Fig. 1.The heart beat is controlled by a hierarchical clock system (brain-heart) that synchronizes functions of cells within the sinoatrial node (SAN). The circadian system that orchestrates the circadian activity of the entire body is located in the suprachiasmatic nucleus (SCN). The master clock in the SCN, through its anatomical connection with the preautonomic motor neurons in the paraventricular nucleus of the hypothalamus (HyP), transmits signals to the parasympathetic and sympathetic nervous system enforcing its endogenous rhythmicity to the heart and other organs. Different sensory mechanisms (purple line) detect the SCN signaling in the lung and heart: carotid body (CB) chemical receptors, high-pressure baroreceptors (HPBR) and low-pressure baroreceptors (LPBR). Changes in the levels of hormonal influences such as atrial-natriuretic peptides (ANP), and mechanical factors such as atrial pressure are correlated with changes in circadian rhythms. Both the sympathetic and parasympathetic nervous systems innervate the sinoatrial node (red and green lines). The brain hierarchical clock system modulates heart rate and rhythm via neurotransmitter release from the vagal and sympathetic nerves to the SAN. Vagal nerve stimulates cholinergic receptors on the cell membrane (Ch-R) by acetylcholine (ACH), and sympathetic nerve stimulates adrenergic receptor (β-AR) also located on the cell membrane by norepinephrine (NE). Even in the absence of neuronal input via receptor stimulation, protein phosphorylation, driven by Ca2+ activation of calmodulin-adenylyl cyclase (AC)-dependent protein kinase A (PKA) and Ca2+/calmodulin-dependent protein kinase II (CaMKII) drives cardiac pacemaker sarcoplasmic reticulum (SR) Ca2+ cycling proteins (phospholamban (PLB) interacting with sarcoplasmic reticulum Ca2+-ATPase (SERCA), ryanodine receptor (RyR)) and surface membrane ion channels (K+ current (Ik), funny current (If), Na+-Ca2+ exchanger (NCX) and L-type current (ICa)). Phosphodiesterase (PDE) degrades cAMP and phosphatase (PPT) removes phosphate.

Mini summary

 

OTHER INPUTS TO PACEMAKER CELLS THAT MEDIATE THE CIRCADIAN RHYTHM

Even when the brain-heart signaling via autonomic nervous system is not intact, internal signaling expresses circadian variation, for example: 1) Changes in the levels of hormonal influences such atrial-natriuretic and brain-natriuretic peptides (32) are correlated with changes in heart circadian rhythms. Specifically, “correlations between heart circadian rhythm and changes in mRNAs encoding atrial-natriuretic and brain-natriuretic peptides” have been documented in mice (32); 2) circadian variations in mechanical factors may be implicated circadian variation of heart rate. For example, in humans, the circadian pattern of heart rate is correlated with that of atrial pressure (33). Because these hormonal and mechanical mechanisms exist in the denervated or isolated heart, they may also participate in diurnal variations in the heart in vivo (Fig. 1).
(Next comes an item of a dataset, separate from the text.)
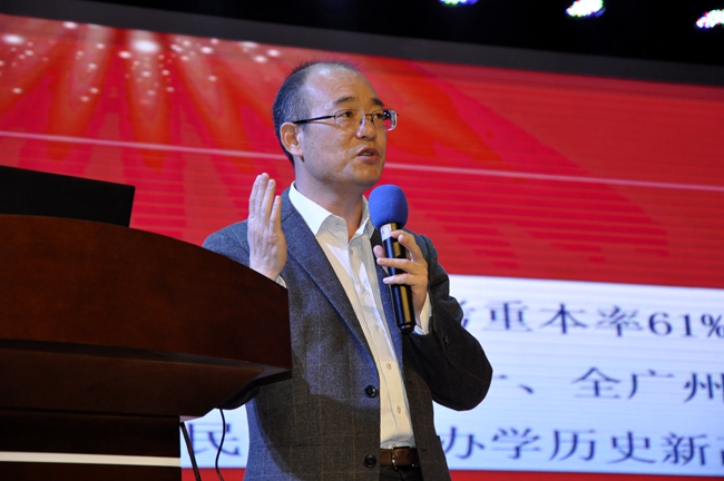 主管高中的孙传华副校长以一系列数据展示黄广高中6年来的跨越式发展、非凡的教学提升能力;他指出,黄广高中独创的五大课程体系,拥有黄广中学(总校)与北京大学的高端资源,建立有效的德育保障体系,研发促进学生学习事半功倍的“智慧学习法”,全国领先的教育大数据智慧学习系统,上述的“五大优势”支撑黄广学校不断超越,不断实现新突破,成为行业的引领学校。
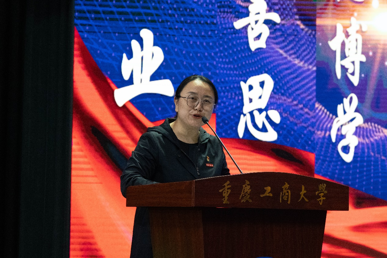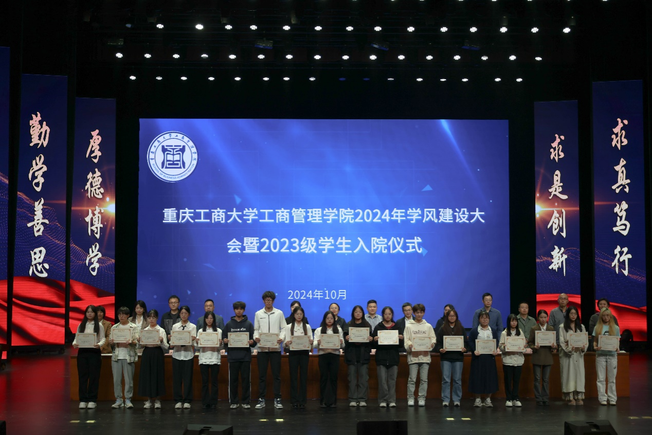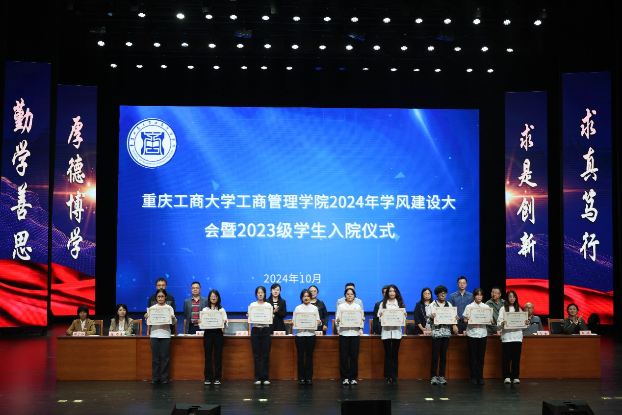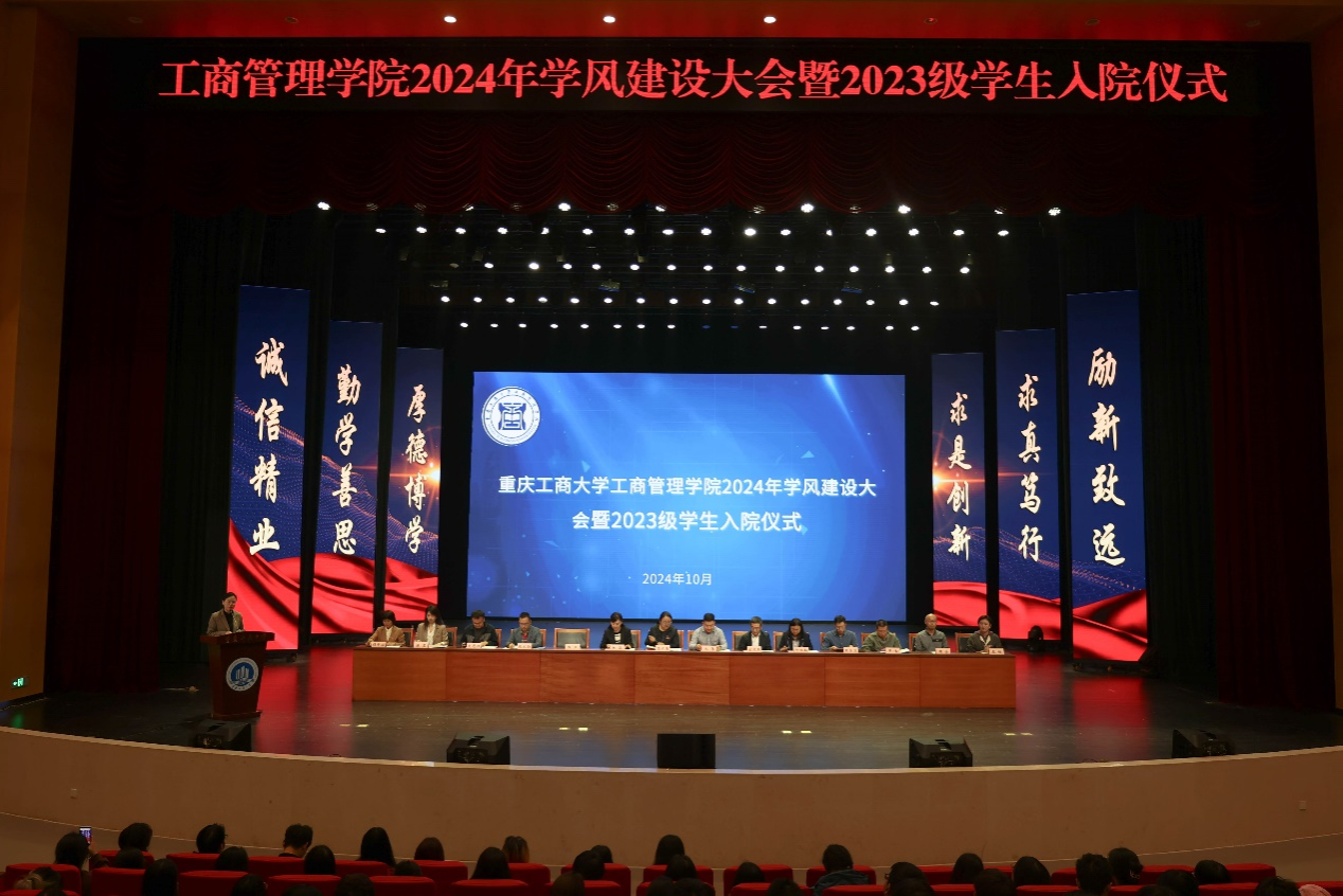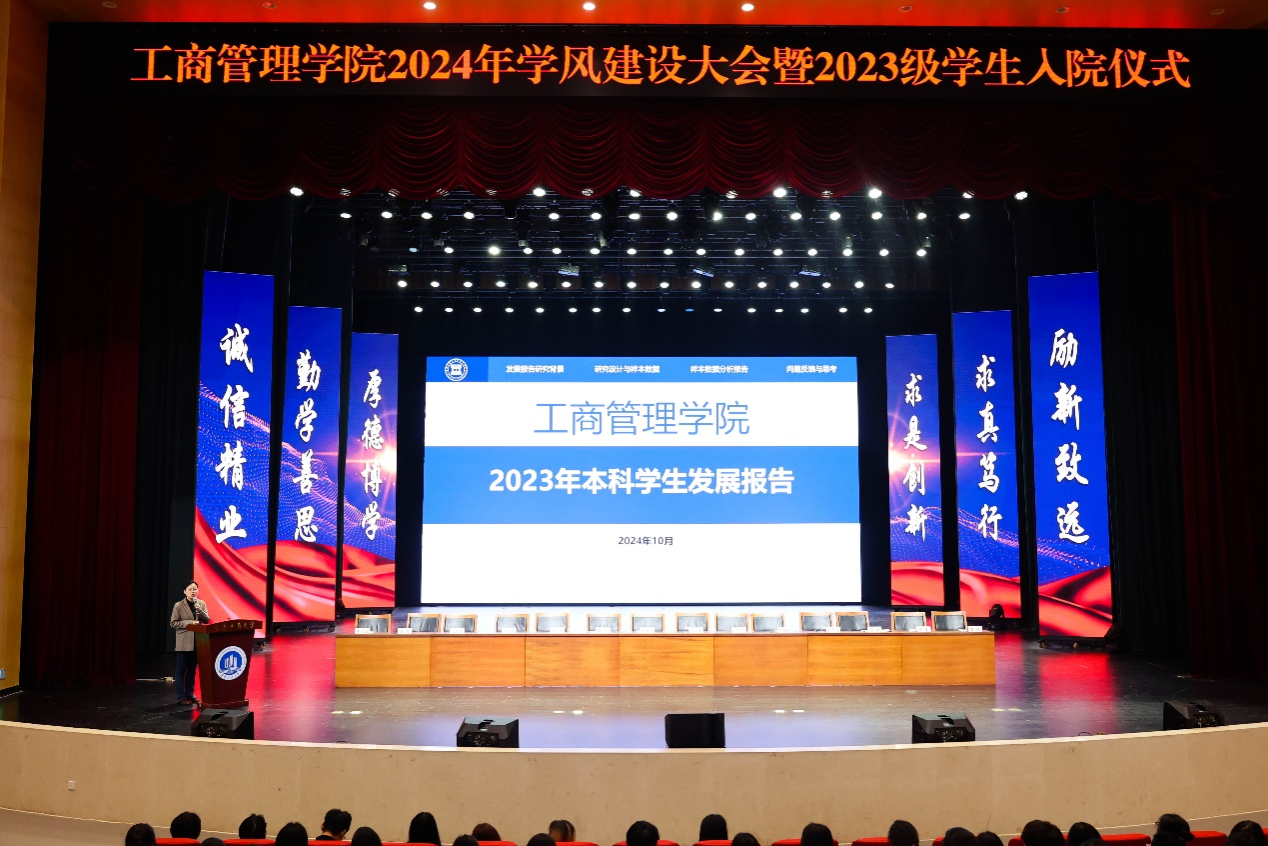 活动分两个阶段举行。第一阶段,2138cn太阳集团古天乐党委书记陈亚惠首先致辞。陈亚惠代表学院全体教职工对2023级同学们入院表示热烈的欢迎,她强调2138cn太阳集团古天乐在人才培养工作中,始终将学风建设放在重要的位置,以教学带动学风,以管理促进学风,以服务辅助学风,以环境养育学风,在优良学风的引导下,同学们刻苦学习,积极参加学校和学院组织的各项文体活动以及科技创新、竞赛活动,各方面都取得了优异的成绩。陈亚惠鼓励广大工商学子以全面推进强国建设为使命,以迎接本科教育教学审核评估为契机,牢记“厚德博学,求是创新”的校训,为梦想而努力,用无愧于时代的辉煌业绩,谱写出更加绚丽的人生华章,做德智体美劳全面发展的社会主义建设者和接班人。

In parallel to these mechanisms, it is well established that cardiac impulse initiation and conduction involve intracellular Ca2+ and surface membrane electrogenic clocks that are coupled by chemical reactions within cardiac pacemaker cells (34) (for extensive review, see (35)). In the following part of the review, we summarize the evidence that the heart’s pacemaker cells are part of the body’s circadian system.

Mini summary

 

MECHANISMS INTRINSIC TO PACEMAKER CELLS THAT MEDIATE THE CIRCADIAN RHYTHM

The cardiac pacemaker can be viewed as a series of biological clocks. The interactions among these ultradian clock functions generate spontaneous action potentials (APs). The Ca2+ clock composed of the sarcoplasmic reticulum (SR) that generates local spontaneous ryanodine receptor activation resulting in local diastolic Ca2+ releases that activate an inward Na+-Ca2+ exchanger current (23). The Na+-Ca2+ exchanger current, the f-channel current, another member of the ensemble of sarcolemmal electrogenic molecule ensemble (“membrane clock”), and inactivation of K+ channels concurrently drive the diastolic membrane depolarization to ignite the next AP. Changes in the membrane potential trigger of activation and inactivation of ionic channels that affect the intracellular Ca2+ balance and consequently the bound Ca2+ to the myofilament and therefore force production. ATP is consumed to maintain these ultradian clock functions. As described above, the ultradian rhythm of heart pacemaker cells is controlled by these coupled-clock mechanisms intrinsic to pacemaker cells and their modulation by autonomic receptor stimulation (10, 11). It has recently been shown that the ultradian rhythms of heart rate also exhibit circadian variation. Specifically, in healthy subjects the ratio of low frequency (LF) to high frequency (HF) (36) and HF (37) are greater during the day than at night (in free-running conditions). Moreover, in mammals, including humans, a fractal structure (i.e., self similarity of internal components) of heart rate fluctuations is embedded within the circadian rhythm (38). Therefore, it is tempting to speculate that the same intrinsic coupled-clock mechanisms that control the ultradian rhythms can also regulate circadian rhythms.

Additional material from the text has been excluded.